*** Block opens ***
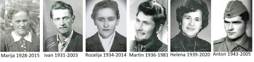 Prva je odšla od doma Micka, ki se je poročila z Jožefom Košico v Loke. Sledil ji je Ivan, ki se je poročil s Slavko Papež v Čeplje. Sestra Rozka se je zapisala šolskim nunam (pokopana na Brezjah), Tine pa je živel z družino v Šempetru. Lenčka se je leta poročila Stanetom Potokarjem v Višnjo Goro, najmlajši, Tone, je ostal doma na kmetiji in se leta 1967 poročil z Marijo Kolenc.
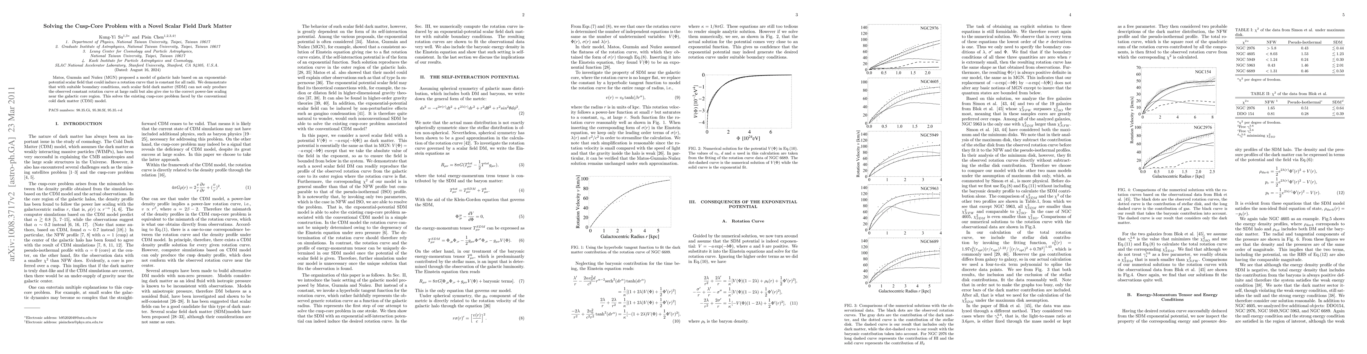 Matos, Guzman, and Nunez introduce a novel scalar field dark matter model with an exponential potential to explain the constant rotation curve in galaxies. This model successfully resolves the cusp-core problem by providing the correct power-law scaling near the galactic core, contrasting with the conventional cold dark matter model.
*** Block closes ***
*** Block opens ***
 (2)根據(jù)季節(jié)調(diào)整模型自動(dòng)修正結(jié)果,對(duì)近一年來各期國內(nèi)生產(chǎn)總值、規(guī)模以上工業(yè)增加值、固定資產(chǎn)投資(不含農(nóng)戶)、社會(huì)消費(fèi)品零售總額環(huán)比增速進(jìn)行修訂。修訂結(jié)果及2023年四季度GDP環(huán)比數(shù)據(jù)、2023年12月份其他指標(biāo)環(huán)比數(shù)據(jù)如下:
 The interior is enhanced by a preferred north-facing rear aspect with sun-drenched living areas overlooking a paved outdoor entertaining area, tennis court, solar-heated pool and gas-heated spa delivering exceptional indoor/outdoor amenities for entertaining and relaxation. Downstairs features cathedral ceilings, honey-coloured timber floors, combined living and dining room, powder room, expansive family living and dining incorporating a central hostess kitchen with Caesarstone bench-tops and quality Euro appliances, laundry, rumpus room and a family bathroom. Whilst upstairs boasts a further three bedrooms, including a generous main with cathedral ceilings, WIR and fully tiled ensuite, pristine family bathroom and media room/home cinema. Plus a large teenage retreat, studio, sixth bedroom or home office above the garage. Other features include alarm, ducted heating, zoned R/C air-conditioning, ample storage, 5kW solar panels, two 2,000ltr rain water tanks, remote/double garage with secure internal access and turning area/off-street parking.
*** Block closes ***
--- Aim of the task ---
Above are the records; please give again, exactly and in full, only the lines that run from the line with "Prva je odšla" through the line with "Matos, Guzman, and", with no pictures.

--- Answer box ---
 Prva je odšla od doma Micka, ki se je poročila z Jožefom Košico v Loke. Sledil ji je Ivan, ki se je poročil s Slavko Papež v Čeplje. Sestra Rozka se je zapisala šolskim nunam (pokopana na Brezjah), Tine pa je živel z družino v Šempetru. Lenčka se je leta poročila Stanetom Potokarjem v Višnjo Goro, najmlajši, Tone, je ostal doma na kmetiji in se leta 1967 poročil z Marijo Kolenc.
 Matos, Guzman, and Nunez introduce a novel scalar field dark matter model with an exponential potential to explain the constant rotation curve in galaxies. This model successfully resolves the cusp-core problem by providing the correct power-law scaling near the galactic core, contrasting with the conventional cold dark matter model.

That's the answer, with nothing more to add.